All I knew about this movie in advance that it is a from Iceland and has Julia Stiles and Forest Whitaker in it. These were three good enough reasons to watch it. Not that I know much of Icelandic cinema, but I am always interested in “different” (defined by me as non-Hollywood mainstream) and I was hoping that this film would prove to be such. It was, although the Icelandic nature of the movie was confusing. Based on the weather patterns displayed in the movie I couldn’t decide where it was supposed to be set in. It was switching back and forth between raining and snowing. But from some minor verbal and visual hints I concluded we should be in Missouri. The actors I recognized were certainly American. It all became clear at the end, when I read the credits. It was indeed shot in Iceland and created (i.e. written, directed, produced and manned/personned?) by an Icelandic crew.

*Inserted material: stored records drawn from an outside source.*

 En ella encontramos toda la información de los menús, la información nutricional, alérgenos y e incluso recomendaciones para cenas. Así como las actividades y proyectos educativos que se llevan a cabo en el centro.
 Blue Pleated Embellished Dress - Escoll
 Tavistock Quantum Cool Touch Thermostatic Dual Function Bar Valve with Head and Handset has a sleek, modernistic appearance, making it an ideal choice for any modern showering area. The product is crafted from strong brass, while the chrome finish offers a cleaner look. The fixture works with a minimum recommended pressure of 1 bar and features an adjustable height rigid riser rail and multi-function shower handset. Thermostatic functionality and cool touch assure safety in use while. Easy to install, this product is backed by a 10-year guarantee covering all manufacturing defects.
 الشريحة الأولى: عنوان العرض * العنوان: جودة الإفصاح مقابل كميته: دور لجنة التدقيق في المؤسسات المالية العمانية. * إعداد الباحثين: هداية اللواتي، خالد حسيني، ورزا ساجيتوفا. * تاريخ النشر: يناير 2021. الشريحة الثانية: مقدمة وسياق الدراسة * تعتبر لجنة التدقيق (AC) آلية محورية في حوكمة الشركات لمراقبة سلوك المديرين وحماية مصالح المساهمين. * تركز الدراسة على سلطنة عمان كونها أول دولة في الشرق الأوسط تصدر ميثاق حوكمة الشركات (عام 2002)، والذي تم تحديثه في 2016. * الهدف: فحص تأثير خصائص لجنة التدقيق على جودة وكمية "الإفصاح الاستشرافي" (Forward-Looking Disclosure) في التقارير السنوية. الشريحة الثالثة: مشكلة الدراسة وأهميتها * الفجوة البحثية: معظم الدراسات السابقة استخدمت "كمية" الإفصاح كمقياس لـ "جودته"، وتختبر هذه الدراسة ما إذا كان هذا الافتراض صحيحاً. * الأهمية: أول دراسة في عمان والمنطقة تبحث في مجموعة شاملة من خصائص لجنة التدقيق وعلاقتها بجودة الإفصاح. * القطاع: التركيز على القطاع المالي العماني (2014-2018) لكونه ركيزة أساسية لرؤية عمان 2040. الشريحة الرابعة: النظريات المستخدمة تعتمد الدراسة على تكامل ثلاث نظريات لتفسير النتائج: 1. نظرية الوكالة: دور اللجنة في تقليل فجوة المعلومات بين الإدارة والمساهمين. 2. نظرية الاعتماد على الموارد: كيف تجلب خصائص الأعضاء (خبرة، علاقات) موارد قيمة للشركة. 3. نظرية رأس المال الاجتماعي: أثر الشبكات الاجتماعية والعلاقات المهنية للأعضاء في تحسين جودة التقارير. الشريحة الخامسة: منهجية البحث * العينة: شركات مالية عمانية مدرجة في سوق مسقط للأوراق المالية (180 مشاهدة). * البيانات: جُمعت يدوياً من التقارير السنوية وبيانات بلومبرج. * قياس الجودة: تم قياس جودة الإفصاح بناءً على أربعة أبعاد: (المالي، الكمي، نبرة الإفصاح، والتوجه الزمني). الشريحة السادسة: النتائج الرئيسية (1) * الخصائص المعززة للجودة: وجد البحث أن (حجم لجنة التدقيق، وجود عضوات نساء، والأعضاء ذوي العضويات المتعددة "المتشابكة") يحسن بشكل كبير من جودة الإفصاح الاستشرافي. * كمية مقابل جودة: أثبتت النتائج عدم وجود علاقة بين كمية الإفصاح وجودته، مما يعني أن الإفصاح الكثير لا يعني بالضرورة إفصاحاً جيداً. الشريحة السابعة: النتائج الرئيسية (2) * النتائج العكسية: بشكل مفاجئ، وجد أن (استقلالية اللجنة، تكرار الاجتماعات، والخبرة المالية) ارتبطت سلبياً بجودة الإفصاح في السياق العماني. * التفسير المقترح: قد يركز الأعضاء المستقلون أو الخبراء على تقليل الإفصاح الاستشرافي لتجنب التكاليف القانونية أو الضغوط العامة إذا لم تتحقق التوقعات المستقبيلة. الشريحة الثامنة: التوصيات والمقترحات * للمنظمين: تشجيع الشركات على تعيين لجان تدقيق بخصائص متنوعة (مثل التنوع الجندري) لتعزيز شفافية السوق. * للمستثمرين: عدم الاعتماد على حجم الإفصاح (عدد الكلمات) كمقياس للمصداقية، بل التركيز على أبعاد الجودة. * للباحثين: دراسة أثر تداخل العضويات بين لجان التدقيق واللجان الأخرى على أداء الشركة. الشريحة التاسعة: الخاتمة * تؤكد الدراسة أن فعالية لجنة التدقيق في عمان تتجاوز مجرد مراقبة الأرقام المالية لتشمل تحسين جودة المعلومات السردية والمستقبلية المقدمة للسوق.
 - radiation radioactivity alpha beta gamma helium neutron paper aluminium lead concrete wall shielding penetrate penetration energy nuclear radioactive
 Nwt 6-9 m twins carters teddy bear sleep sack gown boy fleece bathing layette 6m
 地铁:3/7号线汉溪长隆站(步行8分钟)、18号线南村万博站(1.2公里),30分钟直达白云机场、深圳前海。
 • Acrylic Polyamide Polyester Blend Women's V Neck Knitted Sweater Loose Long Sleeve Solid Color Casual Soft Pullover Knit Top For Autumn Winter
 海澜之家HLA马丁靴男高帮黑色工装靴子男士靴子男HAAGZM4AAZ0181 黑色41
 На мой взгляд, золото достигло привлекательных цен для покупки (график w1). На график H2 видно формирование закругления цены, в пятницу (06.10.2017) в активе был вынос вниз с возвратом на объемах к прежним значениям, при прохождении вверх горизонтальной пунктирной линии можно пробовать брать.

The movie itself was hard drama. An insurance investigator, whose job is find and create reasons for his company not to pay up, attempts to uncover the circumstances of a car accident, where the beneficiary is supposed to get a million dollars. (Spoiler alert) In the process he becomes involved with the family and his better self awakens. It has a surprise ending, which is both happy and unhappy at the same time.
But I got the feeling that the plot is there mostly to provide a frame for the haunting images the director paints for us. We see night rain as if it would never stop, a mysterious and tempting tunnel, a bleak motel room inviting abuse to happen in, a snowman with twigs as his hair, and in general such rural poverty that is rarely shown nowadays. I wonder whether the author/director was drawing upon autobiographical experiences. Either way it showed me a world I knew existed, but it became much more tangible. For that and for the way Whitaker used his Midwestern accent to say “Yah” I thank this movie.